Artists Info's Bob Barron'e exhibition runs until March 7th and shows 31 artworks. Wishing you a great show, Bob!
Barron’s art is an attempt to express vague musings about the passage of time made corporeal through certain images, surfaces and textures. He works primarily with mixed media and is interested in the idea of recycling materials that have been discarded as waste and turning them into art.
He uses card that he collects from local outlets. He then cuts, tears, paints and re-assemblesthe various pieces. Sometimes he attempts to remove the fresh paint to reveal parts of the text on the card or he will score and scratch the surface or perhaps sand it down to reveal the corrugations beneath. Barron uses a muted palette and similar motifs recur throughout the work: fragments of Greco-Roman sculpture, astronomical references, handprints, footprints, circles, squares – a small lexicon but all that’s needed to present us with a coherent artistic vision.

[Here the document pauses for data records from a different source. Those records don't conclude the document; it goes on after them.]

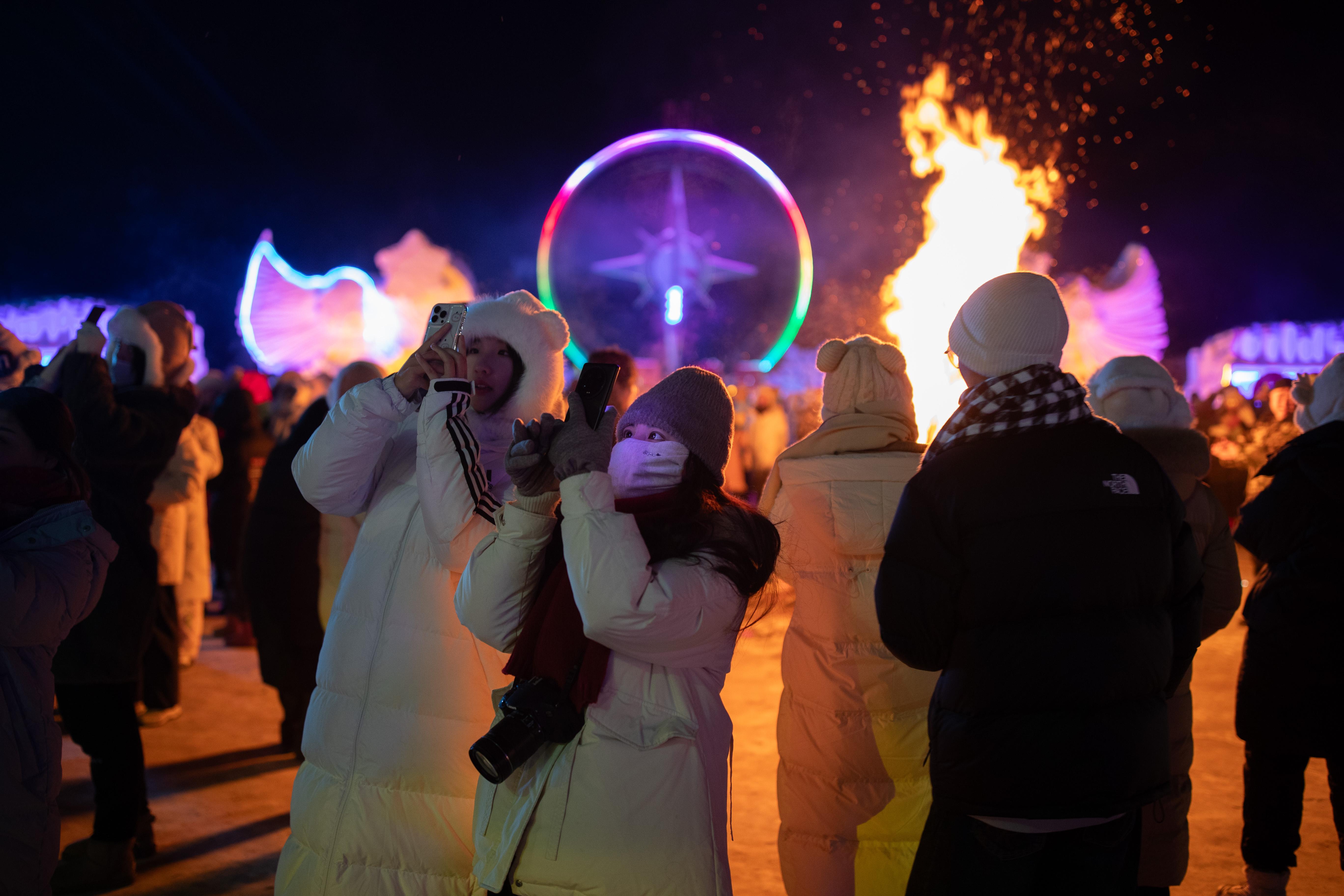 2024年2月2日,黑龙江省,游客在漠河市北极村拍照。
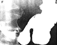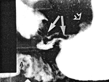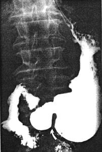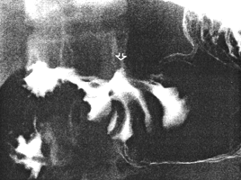 | Fig. 29.7. Case A.J. Ulcer (arrow) in sphincteric cylinder, which is deformed. Absent cyclical activity. Prominent, unchanging, oblique mucosal folds drawn in towards ulcer |
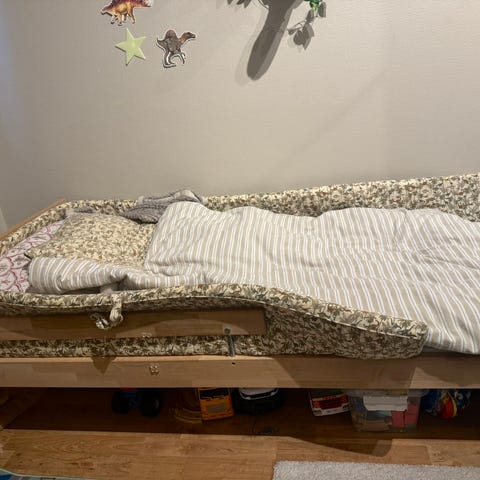 Blå bil seng selges siden ikke blir brukt mer. Sengen er demonter. Følger ikke med madrass
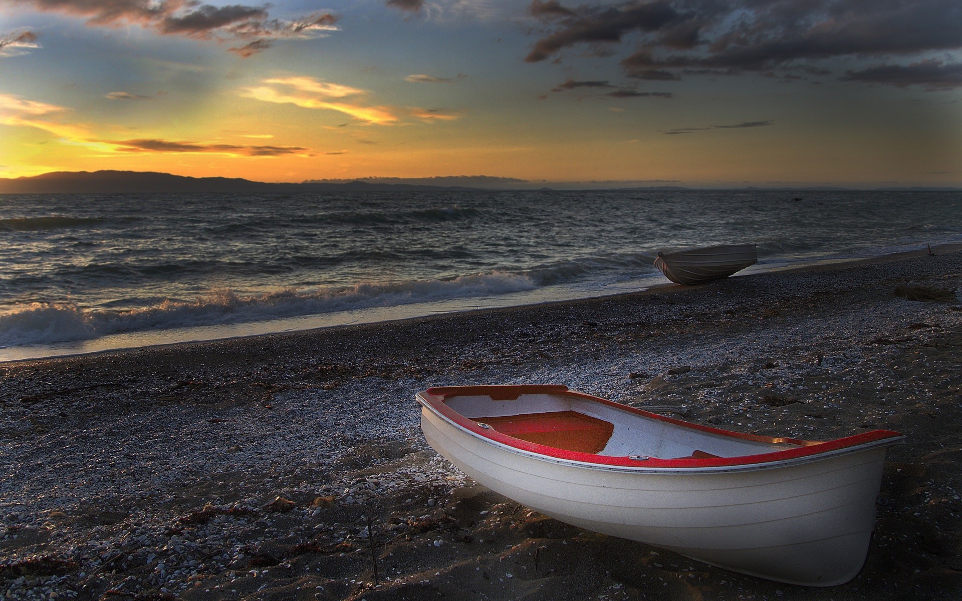 Sonnenstrahlen vor dem Hintergrund des dunklen Himmels und des Meeres

He has further used this interest in the use of discarded materials by working with old and broken roof slates. He washes the slates clean from years of soot and grime and scores into the surface with a sharp point before assembling the various pieces.
Barron explains: ‘I like the idea of working with slate because of the age and nature of the material.
Slate is of sedimentary origin, formed from the deposits of minerals collected on the beds of ancient seas millions of years ago. Movement of the Earth's crust, retreating seas and glaciation meant these ancient sea beds emerged to the Earth’s surface where they were eventually quarried by man to provide shelter from the winds and the rain. The slate I use has served this purpose and is eroded and marked by exposure to the elements as well as by man-made pollutants in the atmosphere. I am interested in the journey from the seabed to the quarry, from the quarry to the rooftop, and from the rooftop to the artwork.’
He added: ‘My work is essentially about communicating a certain aesthetic. There are some lines which Robert Hughes wrote about Richard Diebenkorn’s Ocean Park series of paintings which are pinned up in my studio:
"One hears neither the chant of surging millions, nor even the chorus of a movement, but one measured voice, quietly and tersely explaining why this light, this colour, this intrusion of a 30 degree angle into a glazed and modulated field might be valuable in the life of the mind and of feeling."
I am interested in the life of the mind and of feeling, but, nevertheless, people confronting the work will make of it what they will.’